From Karpathy’s own words , nanochat uses:

Dense transformer (Llama-like but simpler)
Rotary embeddings (no classic positional encodings)
QK normalization (stability hack)
Tied weights for embedding/unembedding
Multi-Query Attention (MQA) (faster inference)
Muon+AdamW optimizer (experimental, still being tuned)

Translation: It’s built with modern, proven techniques but kept deliberately simple so you can actually understand every line.

What You Should Learn From This

1. The Full Stack, Not Just APIs

Most developers only interact with LLMs through APIs. Nanochat shows you:

How tokenization really works
Why pretraining takes billions of tokens
How instruction-following emerges from fine-tuning
What RL actually does to model behavior
How inference optimization (KV cache, prefill/decode) speeds things up

This is your X-ray vision into AI systems.
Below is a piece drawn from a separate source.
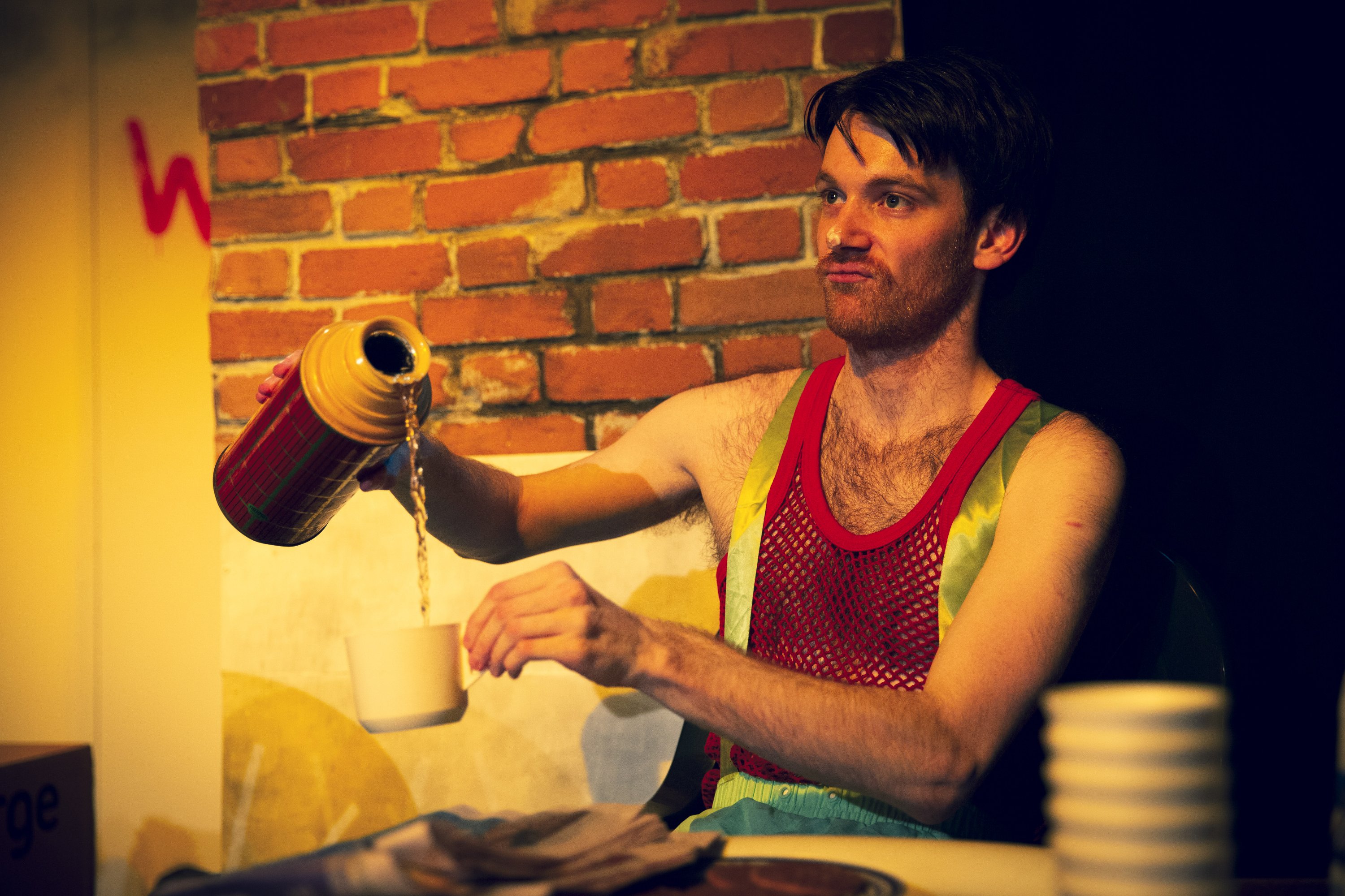 The costumes as seen below add to the colour and humour. The outdated shell suit and string vest all make an appearance. With, Luke Adamson as Algernon can be seen strolling around in his unflattering white pants for a large section of the performance which just accentuates the eccentric lazy Batchelor bone idle attitude he has to life which Wilde first wrote about.

2. Small Models Can Be Useful

You don’t need GPT-4 for everything. A $100 model can:

Answer domain-specific questions (after targeted training)
Generate creative content
Serve as a research baseline
Run locally with full privacy

3. Training is Expensive, But Scalable

$100 gets you a toy
$1,000 gets you something genuinely useful
$10,000+ gets you… well, that’s when things get interesting

The cost/performance curve is steep and predictable.

💰 Ideas That COULD Make Money Using NanoChat

✅ Education & Courses

Create detailed tutorials walking through nanochat
Build university courses on LLM fundamentals
Offer hands-on workshops ($500–2000/person)

Why it works: People pay serious money to understand this tech deeply.

✅ Research Tools & Benchmarks

Fork nanochat for specific research questions
Create domain-specific training pipelines
Build evaluation harnesses for niche use cases

Why it works: Academia and research labs need reproducible baselines.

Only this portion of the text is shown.